> _TASK DIRECTIONS_: Give again exactly the lines that run from the start of the records to the line holding "Bob Dole speaking", both ends counted. Do not include the pictures.

--- RECORDS Enclosed Below ---

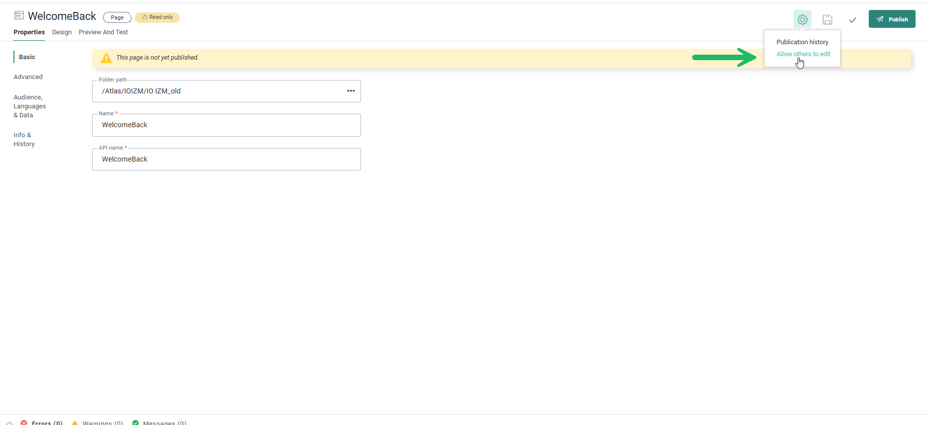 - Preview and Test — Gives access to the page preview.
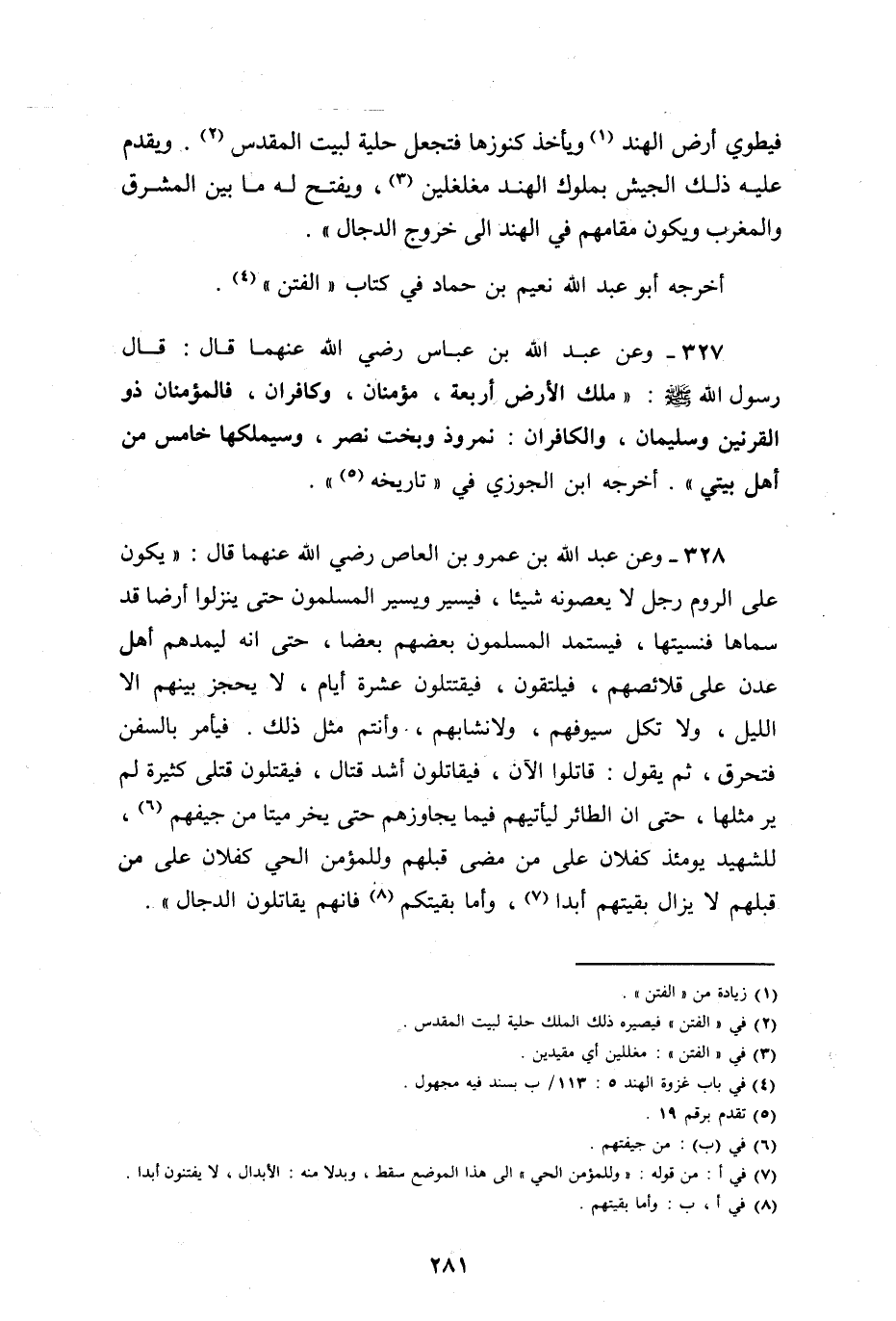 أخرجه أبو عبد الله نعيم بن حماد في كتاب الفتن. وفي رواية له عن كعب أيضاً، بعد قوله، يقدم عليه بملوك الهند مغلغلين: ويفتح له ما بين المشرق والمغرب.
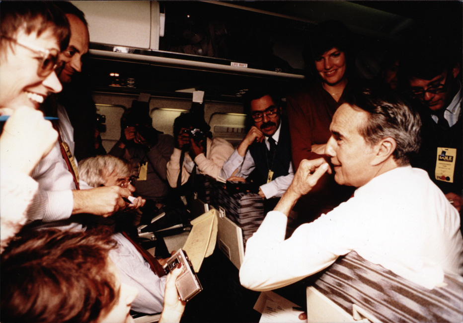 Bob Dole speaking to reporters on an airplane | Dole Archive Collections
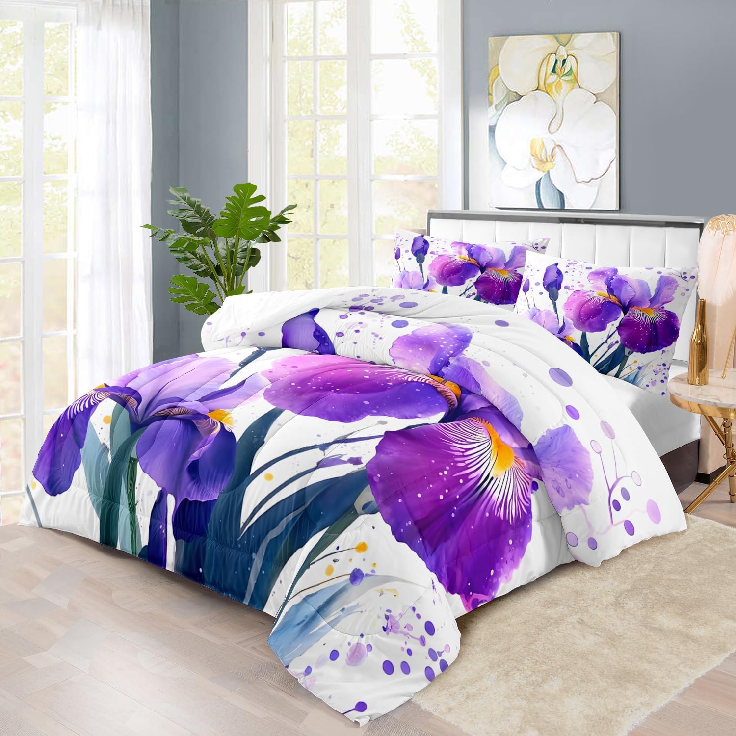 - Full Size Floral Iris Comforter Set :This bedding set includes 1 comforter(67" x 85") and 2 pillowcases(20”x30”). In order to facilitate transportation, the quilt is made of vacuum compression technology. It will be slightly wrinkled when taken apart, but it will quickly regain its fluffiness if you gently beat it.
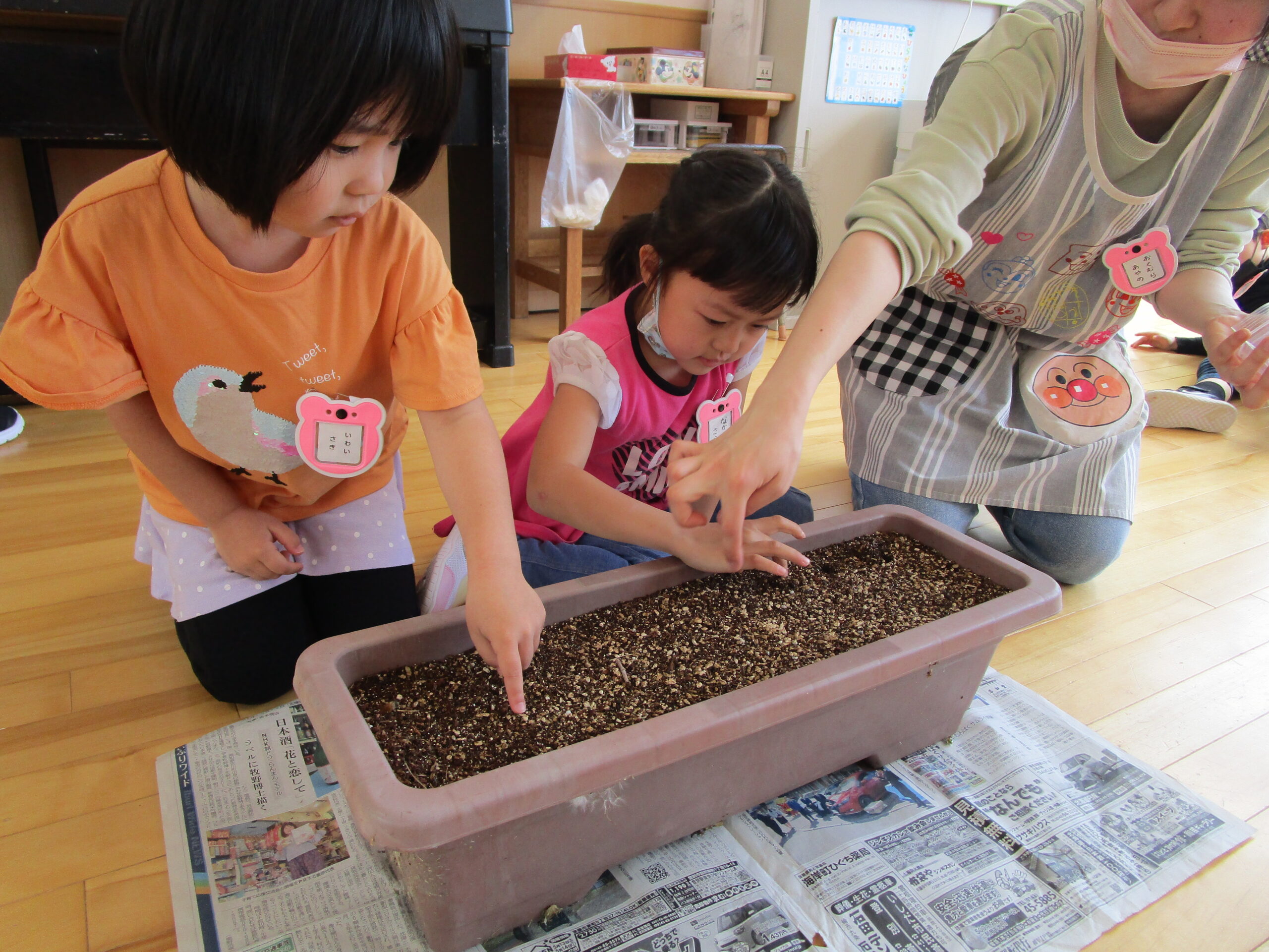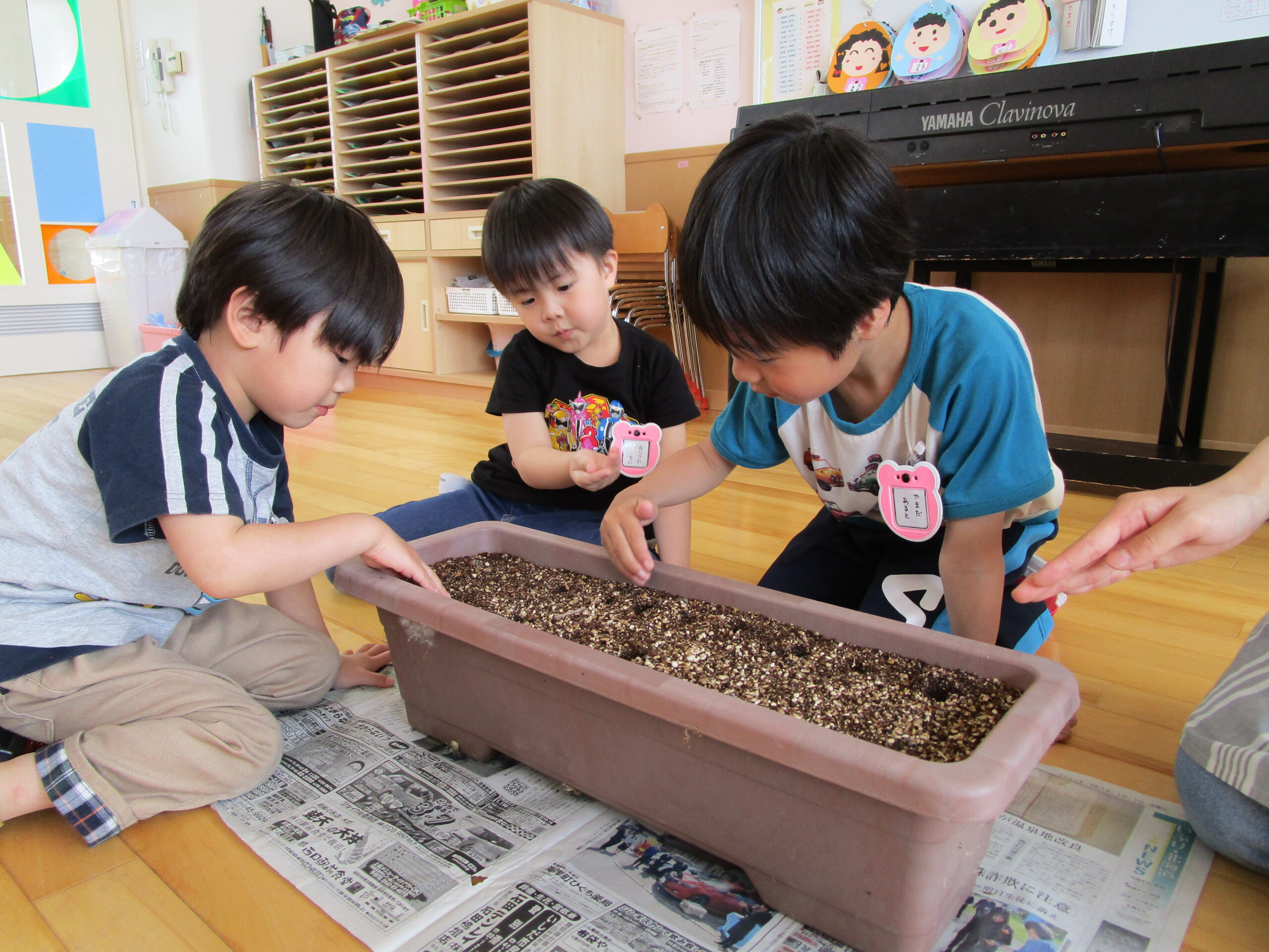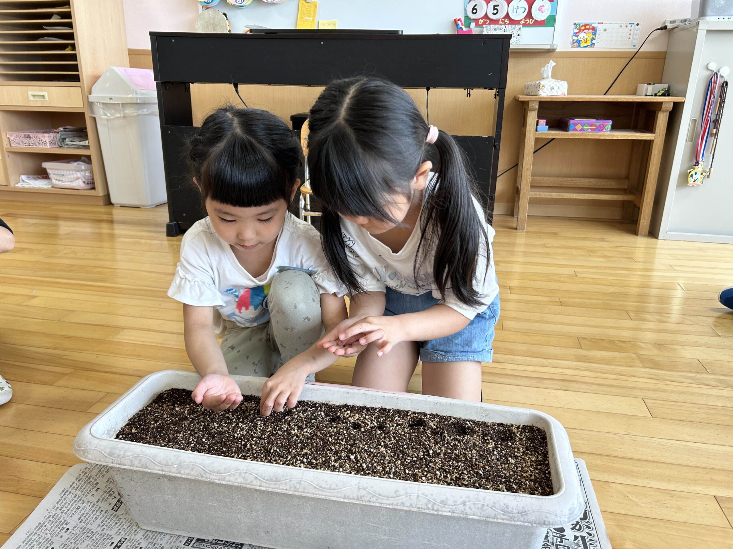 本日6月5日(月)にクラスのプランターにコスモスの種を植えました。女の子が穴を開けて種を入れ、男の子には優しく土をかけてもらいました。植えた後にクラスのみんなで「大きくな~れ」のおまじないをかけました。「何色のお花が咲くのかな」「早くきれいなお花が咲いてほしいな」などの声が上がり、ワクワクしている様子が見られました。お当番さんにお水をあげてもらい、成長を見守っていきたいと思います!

--- End of Enclosed RECORDS ---

> _RESULT_:
 - Preview and Test — Gives access to the page preview.
 أخرجه أبو عبد الله نعيم بن حماد في كتاب الفتن. وفي رواية له عن كعب أيضاً، بعد قوله، يقدم عليه بملوك الهند مغلغلين: ويفتح له ما بين المشرق والمغرب.
 Bob Dole speaking to reporters on an airplane | Dole Archive Collections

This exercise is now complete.